#### Available data

*****

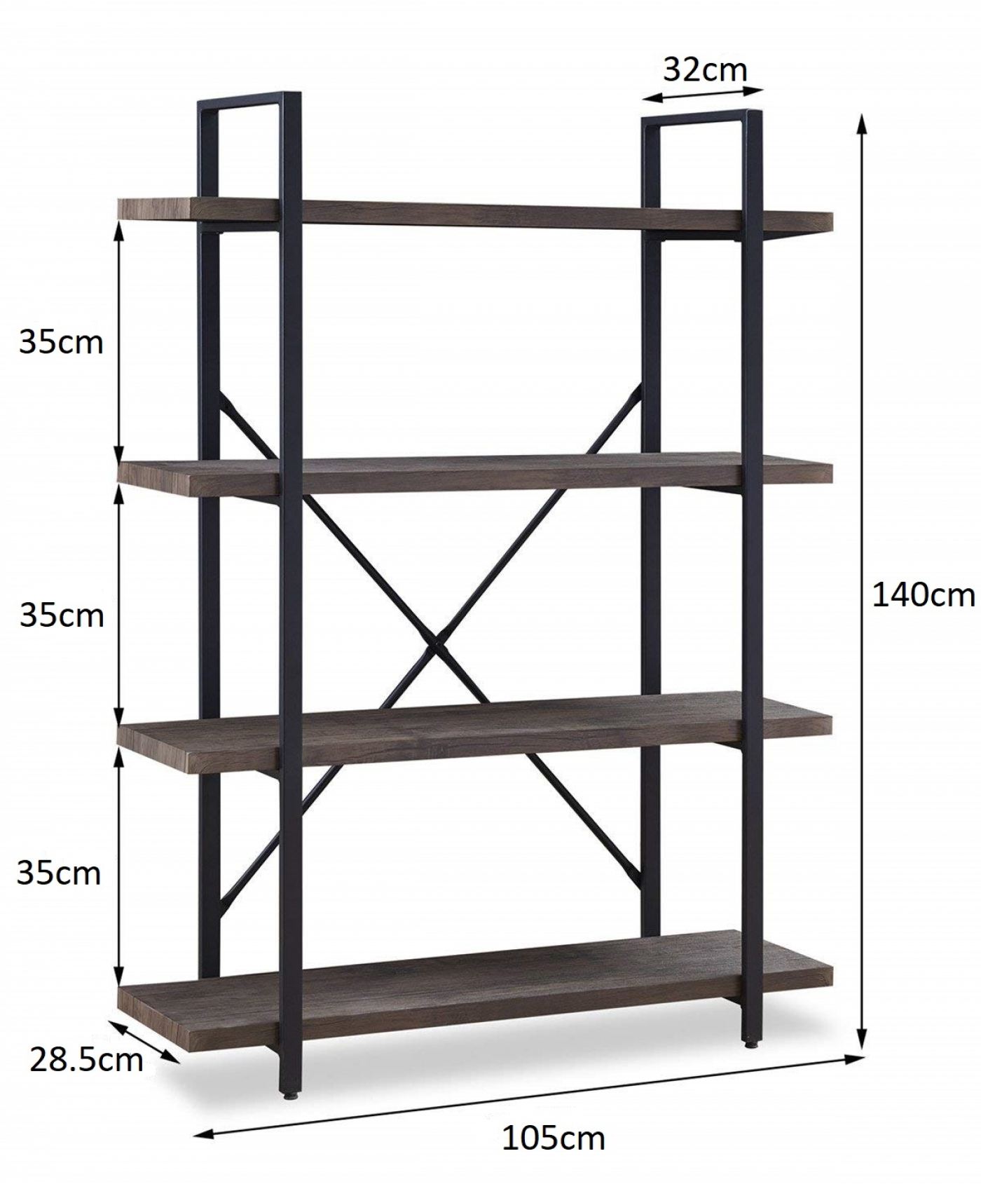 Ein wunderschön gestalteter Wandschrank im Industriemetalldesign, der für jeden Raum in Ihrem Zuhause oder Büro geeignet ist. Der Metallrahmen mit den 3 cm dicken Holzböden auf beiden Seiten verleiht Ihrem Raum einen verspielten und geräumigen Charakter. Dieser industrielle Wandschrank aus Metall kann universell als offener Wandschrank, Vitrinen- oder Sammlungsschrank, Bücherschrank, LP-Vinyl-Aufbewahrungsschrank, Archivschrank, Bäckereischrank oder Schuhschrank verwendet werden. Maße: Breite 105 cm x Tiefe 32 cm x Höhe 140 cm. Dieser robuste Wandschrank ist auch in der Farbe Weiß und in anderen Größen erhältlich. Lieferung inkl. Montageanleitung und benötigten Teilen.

*****

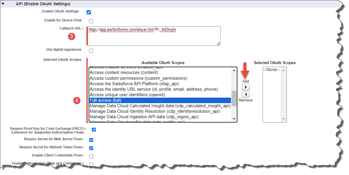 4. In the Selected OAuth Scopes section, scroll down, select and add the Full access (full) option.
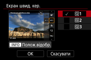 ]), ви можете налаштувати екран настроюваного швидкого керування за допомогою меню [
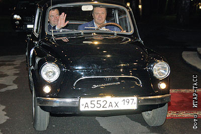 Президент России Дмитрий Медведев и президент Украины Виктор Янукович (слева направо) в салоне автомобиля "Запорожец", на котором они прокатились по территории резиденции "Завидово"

*****

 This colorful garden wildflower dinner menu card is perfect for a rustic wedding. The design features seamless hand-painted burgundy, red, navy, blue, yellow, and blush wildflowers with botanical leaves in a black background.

*****

#### Required action
Both the line above containing "ви можете налаштувати" and the line containing "Президент России Дмитрий" belong in the copy, along with every line between them; print these exactly and omit the pictures.

#### Your solution
 ]), ви можете налаштувати екран настроюваного швидкого керування за допомогою меню [
 Президент России Дмитрий Медведев и президент Украины Виктор Янукович (слева направо) в салоне автомобиля "Запорожец", на котором они прокатились по территории резиденции "Завидово"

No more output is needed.